Publication information
- Creator(s): The Dinelli brothers
- Other contributors: Sam Fair Charles Gordon George Drysdale
- First appearance: Issue 1 (30 July 1938)
- Last appearance: issue 3185 (2003)
- Also appeared in: The Beano Annual
- Current status: Discontinued

Main Character
- Name: Tommy
- Family: Babe (sister) Clanky (pet) Ironsides (pet) Professor Lee (creator/father)

= Tin-Can Tommy =

British comic strip

Tin-Can Tommy (The Clockwork Boy) was a comic strip in the UK comic The Beano, featuring Tommy, the clockwork 'son' of Professor Lee and his wife.

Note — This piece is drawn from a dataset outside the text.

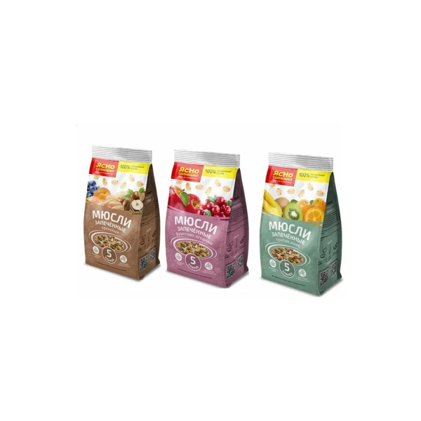 Мюсли запеченно-ореховые Тропик микс, Фруктово-ягодлные Шоколад-миндаль Ясно солнышко 300гр

He first appeared on the back page of issue 1, dated 30 July 1938, where we learn that he was built due to the death of their own son a year earlier (a concept which predates Astro Boy).

A few years later came the addition of a clockwork sister called Babe, a pet cat called Clanky, and a horse called Ironsides. The strip was created by the Italian Dinelli brothers, but they disappeared in France at the start of World War II. The strip was taken over by one of DC Thomson's own artists after issue 69 with new strips being drawn by Sam Fair, Charles Gordon and George Drysdale. The strip continued until issue No 303 in 1947.

In issue 3185 (dated August 2003) Tin Can Tommy met Bea, Dennis the Menace's baby sister for the comic's 65th anniversary.